(Problem details) Below are some records. Print exactly the lines between the one holding "Acrylic tub refinishing" and the one holding "- Ce dossier", inclusive, and nothing else.

(Record set)
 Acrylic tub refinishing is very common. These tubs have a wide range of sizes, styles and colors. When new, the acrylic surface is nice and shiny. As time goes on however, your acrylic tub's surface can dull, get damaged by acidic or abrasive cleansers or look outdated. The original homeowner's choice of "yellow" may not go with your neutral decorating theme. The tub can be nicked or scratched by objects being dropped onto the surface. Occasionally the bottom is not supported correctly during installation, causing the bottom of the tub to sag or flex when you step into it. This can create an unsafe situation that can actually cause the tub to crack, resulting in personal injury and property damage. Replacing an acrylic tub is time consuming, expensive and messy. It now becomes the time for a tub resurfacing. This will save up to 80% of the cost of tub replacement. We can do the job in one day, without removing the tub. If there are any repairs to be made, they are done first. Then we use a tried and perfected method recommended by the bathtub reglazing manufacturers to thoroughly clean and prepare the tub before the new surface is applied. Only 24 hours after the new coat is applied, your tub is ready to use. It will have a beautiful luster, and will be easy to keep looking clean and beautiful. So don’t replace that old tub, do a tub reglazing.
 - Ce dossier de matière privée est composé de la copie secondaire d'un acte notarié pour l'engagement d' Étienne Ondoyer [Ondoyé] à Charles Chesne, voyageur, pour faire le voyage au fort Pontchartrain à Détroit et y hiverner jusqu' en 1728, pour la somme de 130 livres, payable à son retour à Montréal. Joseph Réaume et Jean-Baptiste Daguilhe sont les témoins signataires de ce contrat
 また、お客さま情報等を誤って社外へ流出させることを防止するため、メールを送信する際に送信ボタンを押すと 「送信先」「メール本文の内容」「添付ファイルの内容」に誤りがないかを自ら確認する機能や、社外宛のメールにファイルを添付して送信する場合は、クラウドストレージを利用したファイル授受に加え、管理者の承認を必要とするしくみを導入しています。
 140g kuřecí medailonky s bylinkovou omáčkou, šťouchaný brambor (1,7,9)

* * *

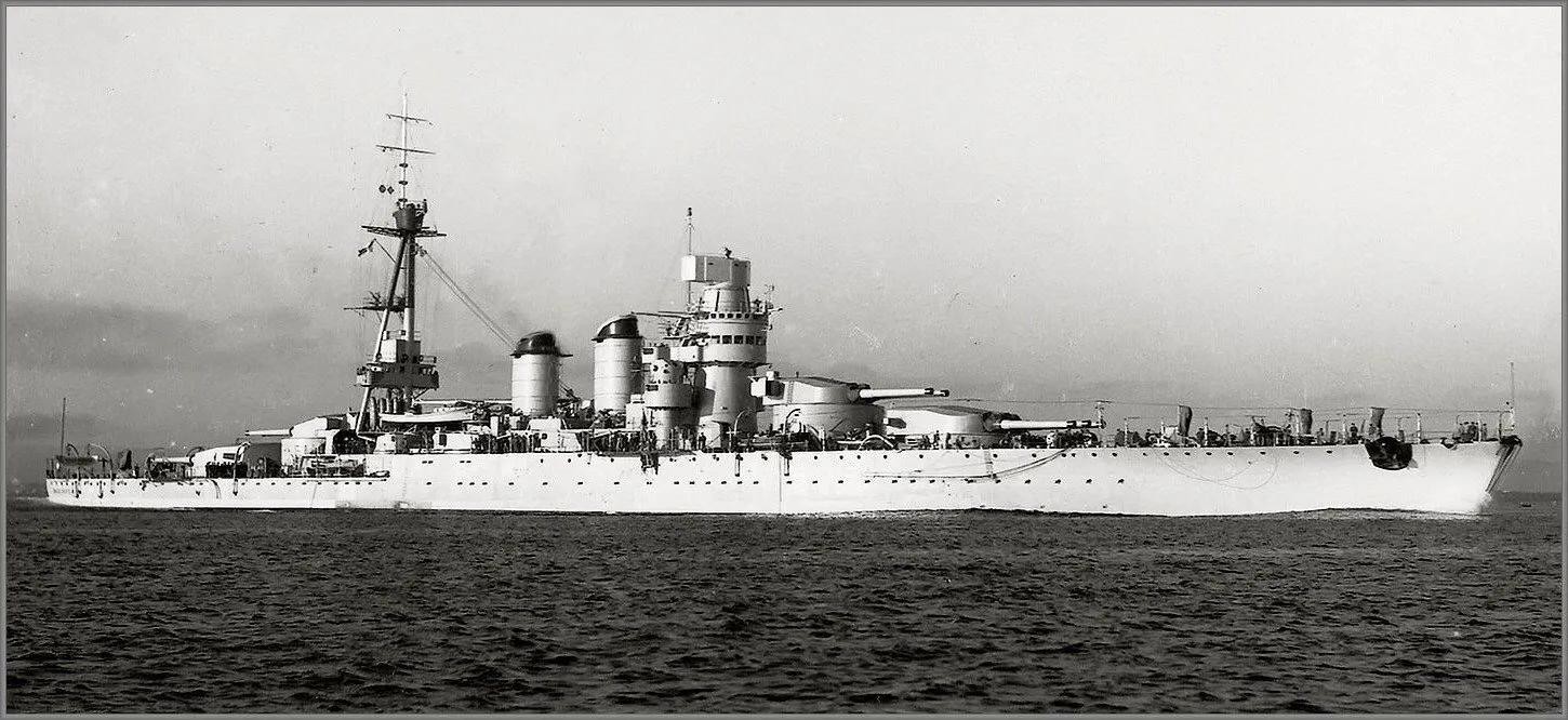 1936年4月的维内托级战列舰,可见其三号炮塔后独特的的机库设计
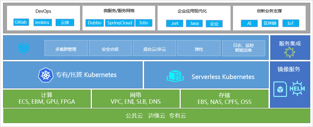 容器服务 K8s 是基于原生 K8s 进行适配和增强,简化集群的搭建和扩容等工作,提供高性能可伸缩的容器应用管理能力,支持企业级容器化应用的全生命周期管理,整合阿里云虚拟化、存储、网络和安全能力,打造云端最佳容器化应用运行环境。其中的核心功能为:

(Solution to this exercise)
 Acrylic tub refinishing is very common. These tubs have a wide range of sizes, styles and colors. When new, the acrylic surface is nice and shiny. As time goes on however, your acrylic tub's surface can dull, get damaged by acidic or abrasive cleansers or look outdated. The original homeowner's choice of "yellow" may not go with your neutral decorating theme. The tub can be nicked or scratched by objects being dropped onto the surface. Occasionally the bottom is not supported correctly during installation, causing the bottom of the tub to sag or flex when you step into it. This can create an unsafe situation that can actually cause the tub to crack, resulting in personal injury and property damage. Replacing an acrylic tub is time consuming, expensive and messy. It now becomes the time for a tub resurfacing. This will save up to 80% of the cost of tub replacement. We can do the job in one day, without removing the tub. If there are any repairs to be made, they are done first. Then we use a tried and perfected method recommended by the bathtub reglazing manufacturers to thoroughly clean and prepare the tub before the new surface is applied. Only 24 hours after the new coat is applied, your tub is ready to use. It will have a beautiful luster, and will be easy to keep looking clean and beautiful. So don’t replace that old tub, do a tub reglazing.
 - Ce dossier de matière privée est composé de la copie secondaire d'un acte notarié pour l'engagement d' Étienne Ondoyer [Ondoyé] à Charles Chesne, voyageur, pour faire le voyage au fort Pontchartrain à Détroit et y hiverner jusqu' en 1728, pour la somme de 130 livres, payable à son retour à Montréal. Joseph Réaume et Jean-Baptiste Daguilhe sont les témoins signataires de ce contrat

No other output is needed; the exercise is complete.